La mia esperienza personale unita al fatto che la matematica è forse, con le pene d’amore, l’argomento al mondo che rende più gente infelice. È assodato che le due cose insieme sono considerate un incubo sotto tutte le latitudini. Ma per quanto riguarda la matematica credo che le persone siano infelici perché non hanno ricevuto la giusta spiegazione, non sanno qualcosa che rende tutto più desiderabile e più facile di quanto sia stato raccontato loro a scuola.

Lei si rivolge a lettori di che età?
Ho cercato di scrivere un libro che possa interessare sia i liceali, che gente con una buona formazione scientifica, perché non racconto niente di tecnico, solo quello che ci succede a livello emotivo e caratteriale mentre studiamo la matematica. Ovviamente penso che a quindici, o vent’anni, questo libro possa avere un impatto cruciale, magari cambiando il modo in cui ci si relaziona con il sapere e la conoscenza.

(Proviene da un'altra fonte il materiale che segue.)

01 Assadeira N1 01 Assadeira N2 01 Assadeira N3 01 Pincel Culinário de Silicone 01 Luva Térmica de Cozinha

Perché inizia raccontandosi? A cinquant’anni si vede come una sorta di mentore?
No, affatto. Lo studio, o meglio, l’incontro con la matematica è per ognuno di noi un’esperienza molto personale ed è questo il tema centrale del libro. Perciò affrontarlo significa parlare di sé, ma poi bisogna uscire dalla propria biografia e da quelle che sono state le nostre emozioni e le nostre intuizioni, per farne un racconto più generale che sia illuminante per tutti. Così, per scrivere questo libro ci ho messo vent’anni e mi ha aiutato la storia di molti altri studiosi e matematici, anche famosi come Cartesio, Alexander Grothendieck, William Thurston che hanno avuto una vita molto speciale in epoche e contesti diversissimi, ma che dimostrano con le loro esperienze quale sorprendente meraviglia sia il funzionamento del cervello umano.

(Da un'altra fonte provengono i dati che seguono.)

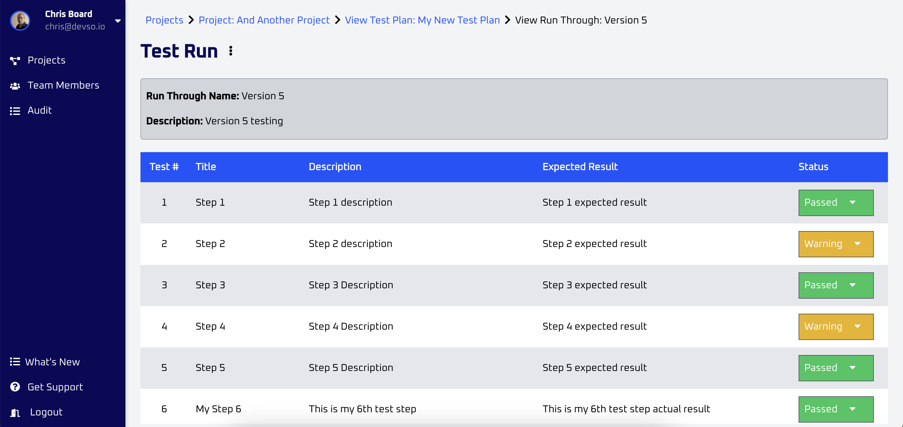 The idea is you create different projects, and within a project you create 1 or more test plans. A test plan can cover the entire project or split into different modules, such as frontend, backend, billing etc and each test step can be provided with detailed instructions and images to explain clearly to the testers what needs to be done and what is expected to happen. Then each test plan, you can trigger a test run where you can provide the state of each test step, and provide detailed description of went wrong so the developers have a clear and concise view of what the issue so they can fix it quickly as possible and make it available for retest.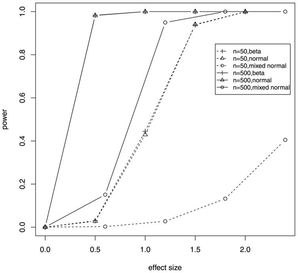 甲基化测序与新一代测序技术应用拓展重大课题组接下来在H A下进行了模拟以研究所提出的检验的功效,假设病例和对照中的甲基化水平来自具有不同平均值的分布。图 3显示了三种模拟场景在α = 0.0001 时评估的功率曲线。在图中,效应大小由 Cohen's d表示,并计算为平均差除以模拟中设置的标准偏差。如这些图所示,所提出的检验的功效随着效果的大小而迅速增加。对比三种模拟场景,场景(a)和场景(b)的功率曲线几乎相同,而场景(c)的功率与场景(a)和(b)相比有所降低。

Tuttavia, più si va avanti nella lettura e più si ha l’impressione di avere per le mani un libro di filosofia più che di matematica…
In fondo la matematica è un «affaire» filosofico; non a caso sul frontone dell’accademia, la scuola di Platone, c’era scritto: «Nessuno entri, che non sia geometra». I filosofi sin dall’antichità greca hanno piazzato la matematica molto in alto ed è lecito chiedersi come mai avevano un così alto concetto di questa disciplina. Evidentemente perché avevano scoperto proprio come la matematica può cambiare il nostro modo di pensare.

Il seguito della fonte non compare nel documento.